Sarah Ladipo Manyika
Cassava Republic, 2019 (originally published 2008)
Read the excerpt:
On Monday, they shared walnut cake at the Cadena; Tuesday, they ate chicken curry at the Taj Mahal restaurant; Wednesday, they drank coffee in her room, and Thursday they attended St Antony’s weekly seminar on African theatre. They’d considered going to the Moulin Rouge on Friday to see Zimmermann’s High Noon but decided instead to stay in Tayo’s room and listen to jazz.
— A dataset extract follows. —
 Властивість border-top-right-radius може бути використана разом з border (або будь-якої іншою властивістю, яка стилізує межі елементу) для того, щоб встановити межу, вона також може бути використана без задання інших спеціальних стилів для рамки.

Vanessa loved the smell of his room—a comforting mix of Old Spice, Brylcreem, and Nigerian food. Occasionally, when they were not together, she would catch the scent on Tayo’s letters, or on clothing he had touched. His room was on the first floor of staircase XVI, large and sparsely furnished. In it was a bed with three neatly-folded blankets—two green and one cream—and at the far end of the room, a fireplace, boarded over and replaced with a coin-operated heater. The heater was always on when Vanessa visited and she suspected he rarely turned it off. He had told her that in his first week at Oxford he’d nearly set himself on fire by sitting too close to it. The only other items of furniture were his old oak desk by the window, the sofa where she now sat, a wardrobe and a coffee table. On the floor were his football boots and propped up against the bit of wall between the windowsill and desk was the room’s only decoration: two colour postcards of ocean liners.
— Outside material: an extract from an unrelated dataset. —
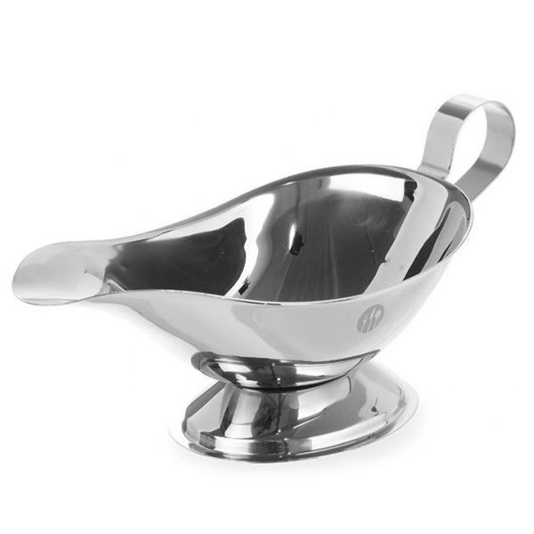 Соусник виготовлений із нержавіючої сталі, з ручкою. Зручна форма та носик для дозування.

Today, she’d brought him daffodils to brighten the room. ‘Women can bring men flowers too, you know.’ She smiled, sensing his hesitation as she arranged them in an empty milk bottle. Already, the buds were opening and adding a bright splash of buttery yellow to his room. She placed them next to the neat stack of books and papers and then picked up the one that was marked: A Handbook for Students from Overseas. She studied what he’d underlined and smiled as she read aloud from the section on Habits and Customs. ‘It says here that when two people meet and they wish to save themselves from the embarrassment of silence, they usually talk about the weather. Did we talk about the weather when we first met?’
‘I believe we did.’
‘No we didn’t!’ She laughed, closing the book, and picking up another. ‘A Dance of the Forests, by Wole Soyinka.’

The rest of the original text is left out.